Social Work Plenary Session – Thursday May 23, 12:00 pm – 1:00 pm

Eileen Gambrill, University of California-Berkeley

Eileen Gambrill is the Hutto Patterson Professor of Child and Family Studies at the School of Social Welfare, University of California at Berkeley where she teaches both research and practice. Her research interests include professional decision making, evidence-informed practice and the role of critical
thinking within this, and the ethics of helping. Recent  publications include Propaganda in the Helping Professions (2012, Oxford University Press) and Critical Thinking in clinical practice: improving the quality of judgments and decisions (3rd Ed., 2012,Wiley). Her talk is titled: “Avoidable ignorance and the role of the Campbell and Cochrane Collaborations”.
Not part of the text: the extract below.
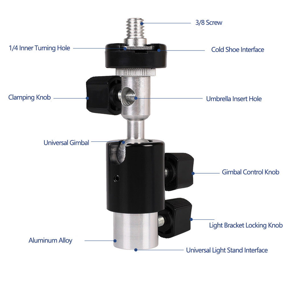 - The top can be changed to have a 1/4 screw connector and a hot shoe connector (not suitable for SONY flash)

Newspapers daily highlight the prevalence of avoidable ignorance and its negative consequences including continued use of procedures that do more harm than good and failure to use interventions that help people. Examples are given and the role of researchers in influencing degree of exposure
of avoidable ignorance and its consequences described. Rather than using resources to identify, describe, expose, and advocate for use of knowledge to minimize avoidable suffering, some researchers use scarce resources to do the opposite: hide, distort and minimize avoidable ignorance and its consequences. Both the Campbell and the Cochrane Collaborations were created to maximize knowledge flow. Greater attention should be given to highlighting avoidable ignorance and related factors such as the play of politics and related propaganda ploys. Domains of avoidable ignorance are
suggested (e.g. about prevalence, causes, assessment options, intervention effectiveness, harm) and examples given.
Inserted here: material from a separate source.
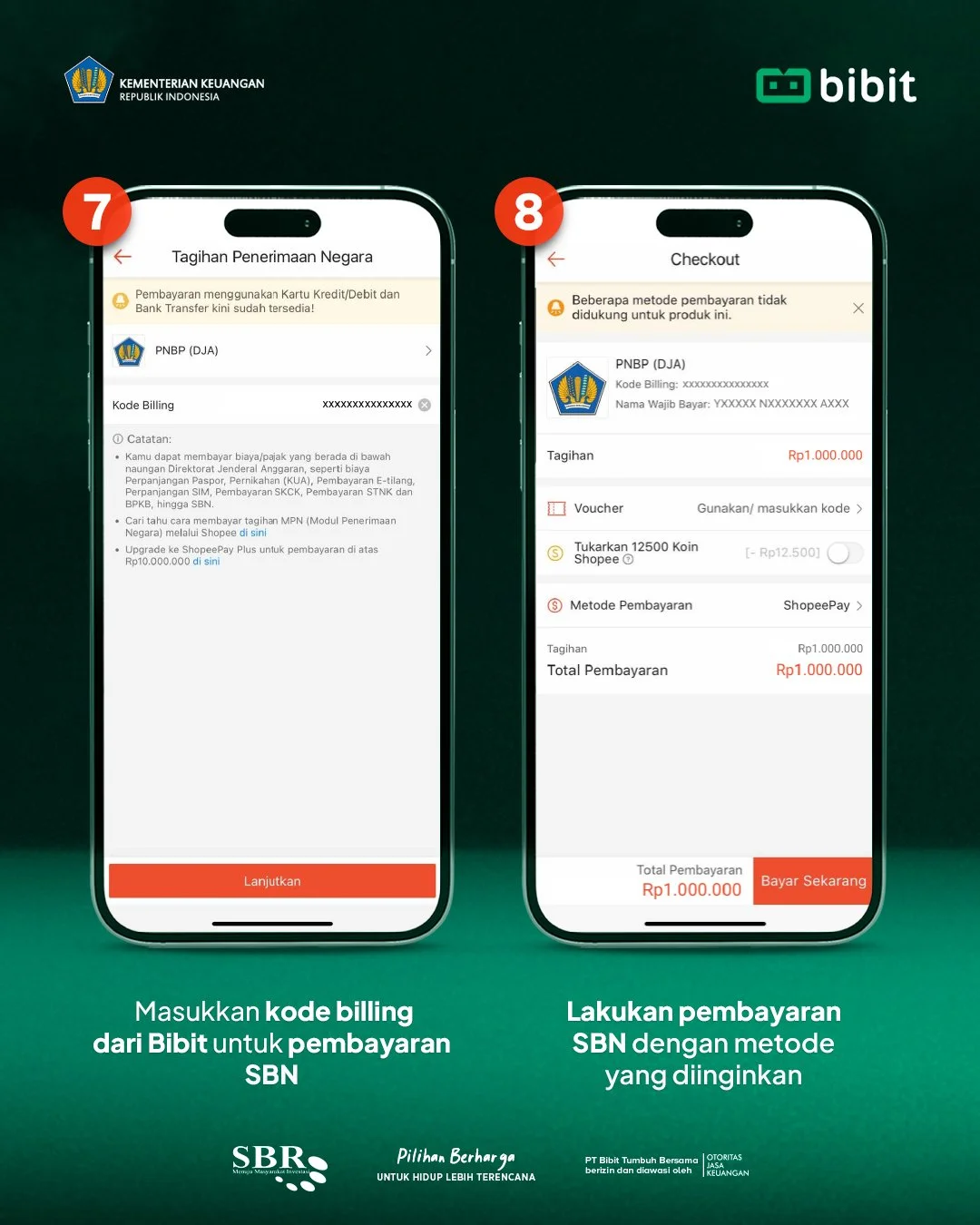 7. Masukkan Kode Billing dari Bibit untuk pembayaran SBN

Users Group Plenary Session – Thursday May 23, 3:00 pm – 4:00 pm

Dan Fox, Milbank Memorial Fund

Daniel M. Fox, president emeritus of the Milbank Memorial Fund, is an author of books and articles on health policy and politics and an adviser to public officials, leaders of provider systems in health and long-term care, research organizations, publishers, and foundations. Before serving as president of the Fund (1989-2007) he worked in state government (Massachusetts and New York), as an adviser to and staff member of three federal agencies (the Office of Economic Opportunity, and the Departments of Housing and Urban Development, and of Health and Human Services) and as a faculty member and administrator at Harvard University and at the Health Sciences Center of the State University of New
York at Stony Brook. Dr. Fox is a member of the Institute of Medicine of the National Academies, the Council on Foreign Relations, and the National Academy of Social Insurance. He earned AB, AM and PhD degrees from Harvard University.

Fox has been publishing regularly for half a century. In addition to peer-reviewed articles, commentaries and reviews in journals of health care, health services research, health policy, law and history, he is the author of The Convergence of Science and Governance: Research, Health Policy and American States (2010), Power and Illness: The Failure and Future of American Health Policy (1993 and 1995); Engines
of Culture (1963 and 1994); The Discovery of Abundance (1967 and 2002); Economists and Health Care (1979); Health Politics, Health Policies: The Experience of Britain and America 19111965 (1986); and Photographing Medicine: Images and Power in Britain and America since 1840 (1988). Books he co-
edited include AIDS: The Burdens of History (1988); AIDS: The Making of a Chronic Disease (1992); Five States That Could Not Wait: Lessons for Health Reform from Florida, Hawaii, Minnesota, Oregon and Vermont) (1994); Home-Based Care for a New Century (1996); and Treating Drug Abusers Effectively (1996).